The ronin hoped that Kujaku-sama would opt to appoint a second to duel in her place. Many fine swordswomen numbered among her retainers, so the outcome of any duel would be uncertain. If the ronin won, that would be when Kujaku-sama ordered her women to cut down the ronin, and the ronin accepted that. She would go to her death knowing that her mother’s honor had been vindicated.

At least, she had the advantage of surprise. Kujaku-sama no doubt expected the ronin to come for her and attempt to even their score tonight in Edo. But a lone woman, even one as skilled as the ronin, confronting a daimyo with an armed escort of one hundred warriors containing somewhere between twenty and thirty samurai? That was suicide.

Kujaku-sama was not a woman to consider an action so desperate, and would not think the ronin would take this strategy either for that reason.
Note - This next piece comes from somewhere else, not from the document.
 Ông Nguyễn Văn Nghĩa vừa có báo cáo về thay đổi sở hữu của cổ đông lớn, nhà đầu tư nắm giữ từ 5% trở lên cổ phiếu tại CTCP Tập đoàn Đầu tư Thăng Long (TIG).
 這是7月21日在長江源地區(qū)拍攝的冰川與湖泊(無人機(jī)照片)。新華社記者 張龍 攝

The ronin knew something, though, that Kujaku-sama did not. She knew what it was like to live with only a single thought running through her head for a year.
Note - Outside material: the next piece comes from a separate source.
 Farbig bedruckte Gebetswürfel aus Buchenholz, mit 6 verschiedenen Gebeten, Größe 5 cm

The ronin had been preparing for revenge for an entire year. It was her singular purpose. And her revenge had to be today, the anniversary of Kujaku Tanjoubi’s humiliation of the ronin’s mother in court. 

Her grip on the hilt of her katana tightened as she allowed her thoughts to eddy back to that day. Kujaku-sama’s accusations and taunts. The parade of “witnesses” that had been called to testify to the ronin’s perfidy. The shogun indicating that she intended to sentence the ronin to die for the dishonor she had brought upon Kujaku-sama’s name. Her mother stepping forward to claim responsibility for her daughter’s crimes. The shogun decreeing that her mother’s only path to cleanse the dishonor was seppuku. 
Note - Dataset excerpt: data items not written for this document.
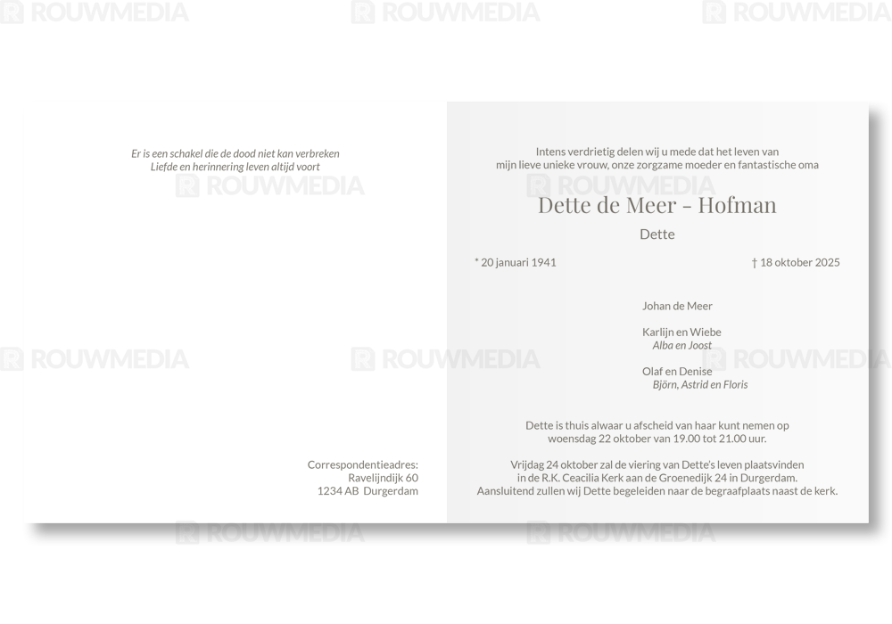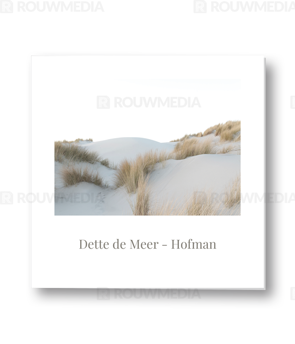 In deze rouwkaart is een afbeelding van de duinen weergegeven. Door de afbeelding over vrijwel de gehele breedte weer te geven ontstaat er een rustige en serene sfeer.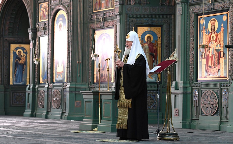 Στον Ιερό Καθεδρικό Ναό των Ενόπλων Δυνάμεων βρέθηκαν σήμερα ο Πατριάρχης Μόσχας και πασών των Ρωσιών κ.κ. Κύριλλος και ο Πρόεδρος της Ρωσικής Ομοσπονδίας Βλαντίμιρ Πούτιν συνοδευόμενος από τον Υπουργό Άμυνας της χώρας Σεργκέι Σόικου με αφορμή την 79η επέτειο από την έναρξη του Β’ Παγκοσμίου Πολέμου που αποτελεί ημέρα μνήμης και θλίψης για την Ρωσία.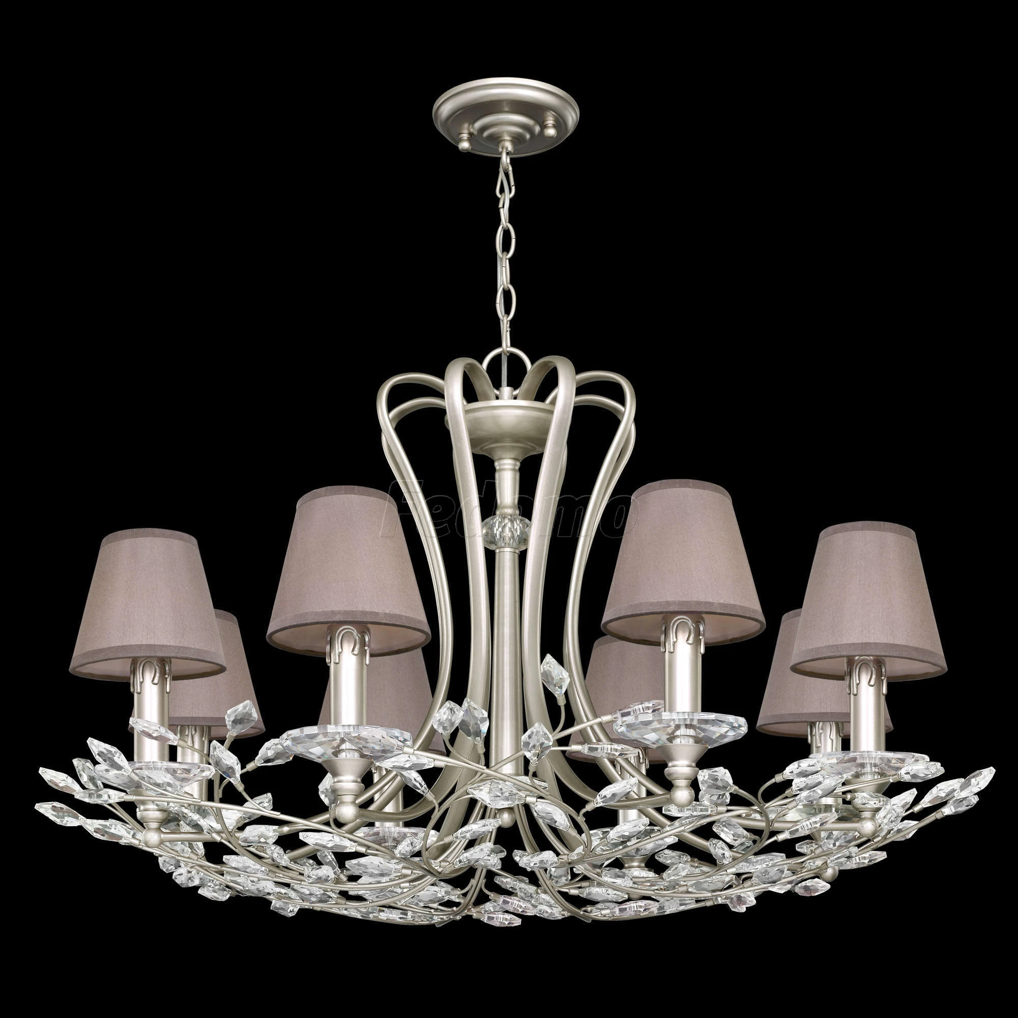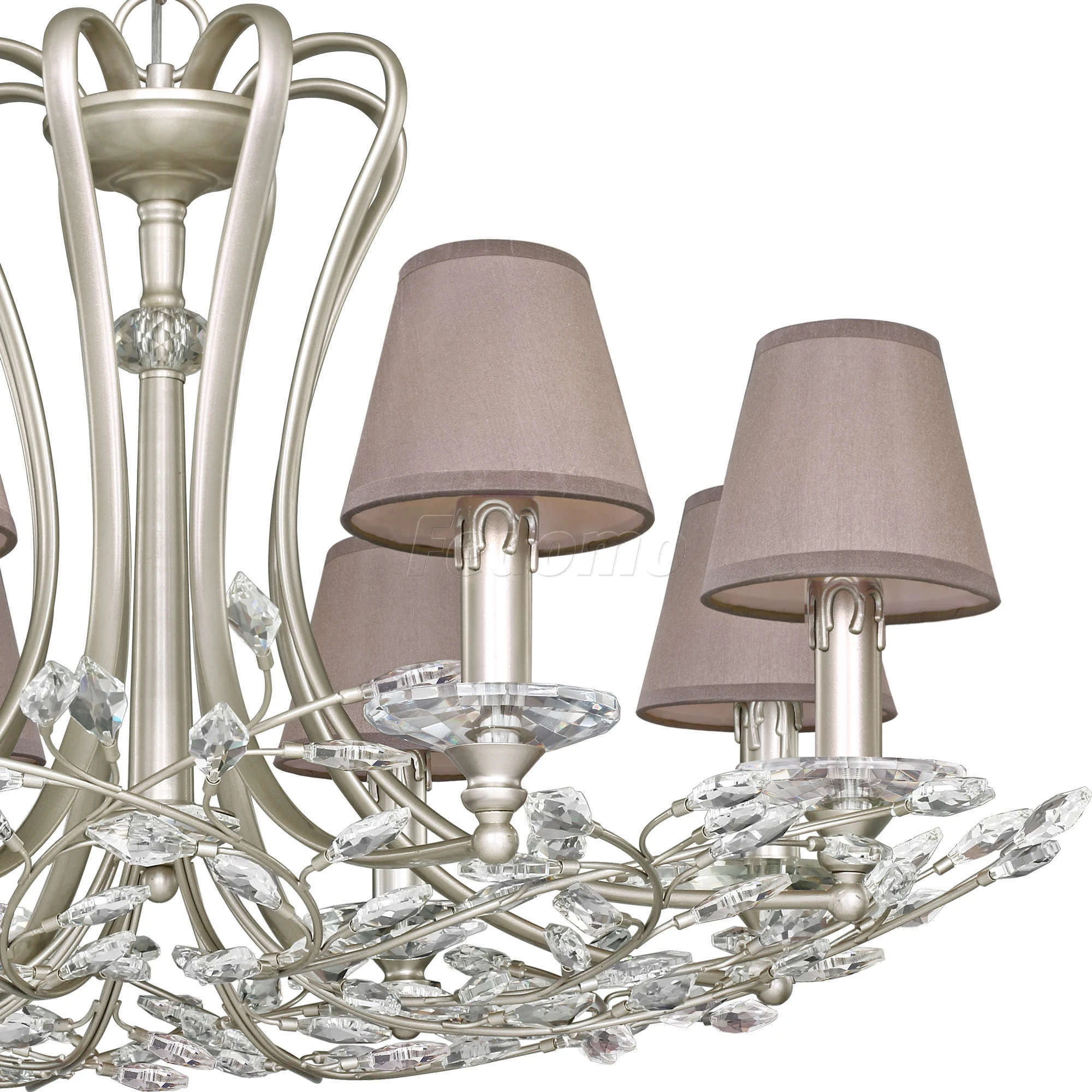Лампы 8*E14*40W, excluded. Материал и цвет арматуры металл, цвет светлое золото. Плафон ткань светло-серого цвета. Цвет хрусталя прозрачный. Декор прозрачный хрусталь.

Even that had not been enough for Kukaju-sama. She had demanded jūmonji giri, and the ronin had been refused the right to stand as kaishakunin for her mother.

Despite all this, the ronin’s mother had conducted herself with discipline and honor. She did not flinch as she made the cuts, and she did not cry out as she slowly died, bleeding to death to cleanse her shame. 

It was small comfort to the ronin that her mother had not lived to see the final insults to her good name. Her lands and property were confiscated, and her daughter was cast out, forbidden by official shogunate decree from seeking honorable vengeance on the daimyo who had lied out of petty jealousy.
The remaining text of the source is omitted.